Le fait de lire Metro au quotidien met en lumière le travail de sélection de l'information. Surtout que dans Metro, on trouve des tribunes, certaines tenues par des personnages récurrents (Christine Ockrent, Albert du Roy, Pierre Briançon...) et d'autres plus exceptionnelles. Ces tribunes exceptionnelles, assimilables à un courrier de lecteur rallongé, sont d'une lecture intéressante car elles représentent en général le point de vue condensé de personnes n'ayant pas un accès important aux grands médias. C'est ainsi que dernièrement, on a pu voir une obédience franc-maçonne ainsi que le collectif "sortir du nucléaire" s'exprimer. L'exercice qui consiste à faire passer en 3000 signes le sentiment que ses idées ne sont pas assez exprimées est périlleux. On peut le constater par exemple dans la tribune de "sortir du nucléaire", avec un discours qui mêle les parallèles douteux (l'assimilation du nucléaire à "la peste et au choléra" : le nucléaire, une épidémie ?), un discours catastrophiste, une théorie du complot et des promesses populistes (réduction de 50% de la consommation d'énergie sans diminution du niveau de confort). Si on revoit la tribune des francs-maçons, c'était la pseudo-démonstration de la détention de la Vérité et du Progrès par eux...

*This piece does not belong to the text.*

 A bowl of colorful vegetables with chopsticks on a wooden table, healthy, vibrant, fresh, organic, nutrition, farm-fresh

Il semble difficile dans un texte court à la fois d'avoir un discours objectif et à la fois de susciter un intérêt durable dans le sujet de l'intervention. Ceci est renforcé par l'absence d'un vocabulaire de référence, celui-ci étant détruit à coup de "grandes idées force" en tête desquelles aujourd'hui sont le racisme et le fascisme. Prétexte à toutes les privations de droits, à tous les lancements de croisades, l'introduction de ces mots aujourd'hui dans une argumentation signifie dans la majorité des cas l'arrêt de toute discussion (au sens "échange d'arguments contradictoires"). Il fallait voir Alain Finkelkraut l'autre jour sur le plateau de Ripostes, où il a fallu le reste des invités pour pouvoir l'amener à exprimer son point de vue avec un vocabulaire moins radicalisant.

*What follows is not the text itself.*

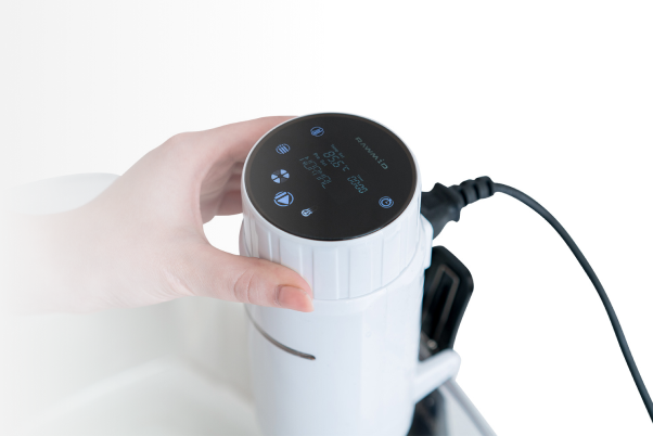 • В су-виде есть возможность приготовления как по градусам Цельсия, так и по Фаренгейту. Для этого нажмите на кнопку температуры и одним касанием можно выбрать Цельсии или переключиться на Фаренгейты.

D'un autre côté on trouve Jean-François Copé qui passait dans l'émission de Jean-Marc Morandini. J-F Copé, excellent orateur, expliquait innocemment que son rôle en tant que porte-parole du gouvernement était de fournir les ministres et secrétaires d'état en munitions pour clôre tout débat avec des petites phrases stériles de la portée de "c'est celui qui dit qui est". Et innocemment, il s'étonnait après que les journaux télévisés ne se battent pas pour l'inviter.

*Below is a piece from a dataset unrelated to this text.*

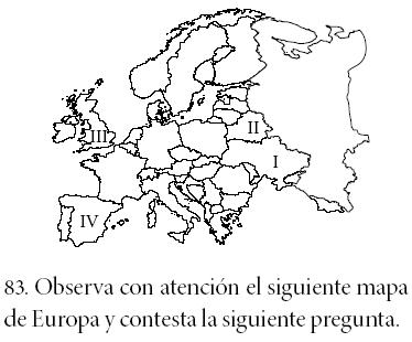 El siguiente reactivo que presentaremos es el número 82. En él se pide una vez más observar un mapa de Europa para luego responder la pregunta.

La bataille pour le vocabulaire est donc engagée entre les agences de presses, relativement neutres, et les hommes et partis politiques, dont les "petites phrases" et documents de propagande (encore un mot dont le sens est régulièrement détourné) sont les premiers à assécher la précision sémantique : c'est la fameuse "novlangue", concept d'Orwell détourné, aujourd'hui régulièrement invoqué par les libéraux francophones pour parler du complot socialiste. Nul n'est besoin de préciser qu'ils participent grandement eux aussi à cette détérioration du sens. Alors quels moyens reste-t-il pour s'introduire dans cet espace où les mots n'ont plus tout leur sens, où la synthèse est automatiquement caricature ? La provocation gratuite, les pamphlets, l'écriture associati-f-ve qu'ille vous-se ralentit à l-e-a lecture pour être sûr-e que vous-se lisiez bien en mot-à-mot, tous ces textes dont le seul but est de déclencher la discussion, et qu'il faut oublier une fois celle-ci entamée.